(INFORMATION SHOWN Opens)
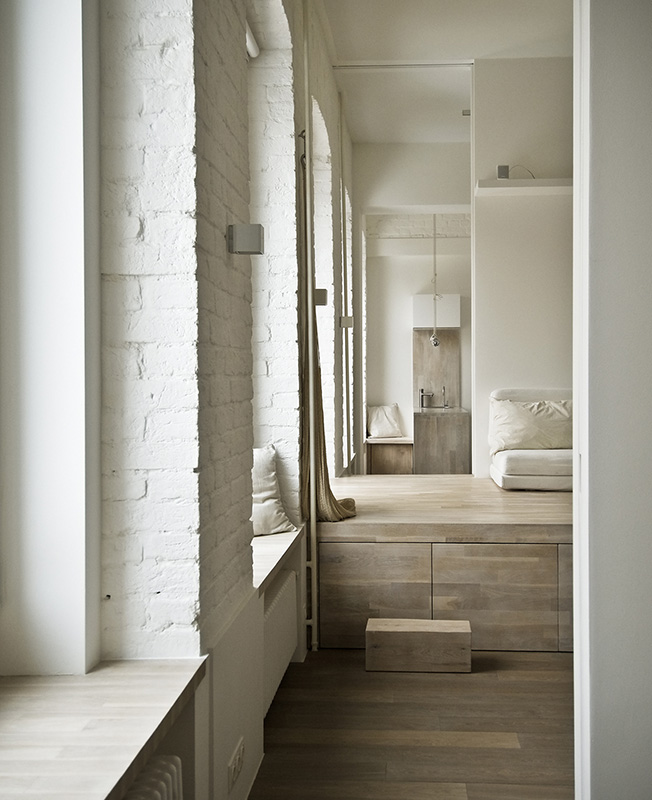 Этот метод открывания Светлана «подсмотрела» в дорогих парижских бутиках — там он используется для витрин. Подиум не только практичен — с его помощью архитектор воплотила мечту об окнах в пол, подняв пол до уровня подоконника.
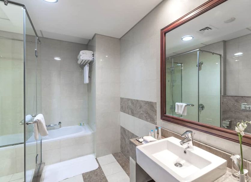 Hotel with an outdoor pool, near Ski Dubai An outdoor pool, a restaurant, and a fitness center are available at this hotel. WiFi in public areas is free. Other amenities include a coffee shop/cafe, 24-hour room service, and a business center. Atana Hotel offers 828 air-conditioned accommodations with minibars and safes. Beds feature premium bedding. Premium cable television is provided. Bathrooms include bathtubs or showers, bathrobes, slippers, and bidets. This Dubai hotel provides complimentary wireless Internet access. Business-friendly amenities include desks and phones. Additionally, rooms include complimentary bottled water and coffee/tea makers. Housekeeping is provided daily. Recreational amenities at the hotel include an outdoor pool and a fitness center.
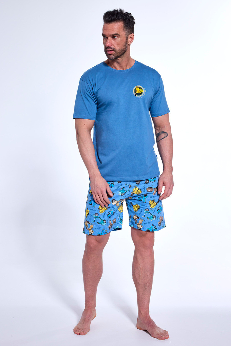 Męska piżama Way of Life KR 326/172 to doskonałe połączenie wygody i stylowego wyglądu. Wykonana w 100% z wysokogatunkowej bawełny, zapewnia maksymalny komfort i przewiewność, idealną na każdą noc. Koszulka z krótkim rękawem posiada półokrągły dekolt i subtelny nadruk na piersi, co nadaje jej nowoczesny, casualowy charakter. Krótkie, wzorzyste spodenki świetnie komponują się z gładką górą, a elastyczna gumka obszyta bawełną gwarantuje wygodne dopasowanie do sylwetki. To świetna opcja dla mężczyzn ceniących komfort i klasyczny styl.
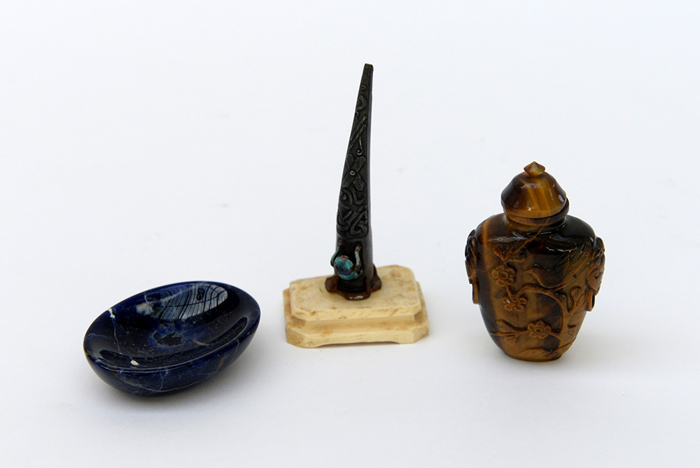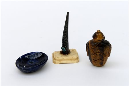 Lotto composto da una ciotolina in pietra dura, una snuff bottle in occhio di tigre e un oggetto in argento, di manifatture e provenienze diverse (difetti)
(INFORMATION SHOWN Closes)
▸ **EXERCISE DESCRIPTION**
Ignoring the pictures, write out word for word only the lines from the one containing "Męska piżama Way" through the last line of the data, both ends included.

▸ **FINISHED EXERCISE**
 Męska piżama Way of Life KR 326/172 to doskonałe połączenie wygody i stylowego wyglądu. Wykonana w 100% z wysokogatunkowej bawełny, zapewnia maksymalny komfort i przewiewność, idealną na każdą noc. Koszulka z krótkim rękawem posiada półokrągły dekolt i subtelny nadruk na piersi, co nadaje jej nowoczesny, casualowy charakter. Krótkie, wzorzyste spodenki świetnie komponują się z gładką górą, a elastyczna gumka obszyta bawełną gwarantuje wygodne dopasowanie do sylwetki. To świetna opcja dla mężczyzn ceniących komfort i klasyczny styl.
 Lotto composto da una ciotolina in pietra dura, una snuff bottle in occhio di tigre e un oggetto in argento, di manifatture e provenienze diverse (difetti)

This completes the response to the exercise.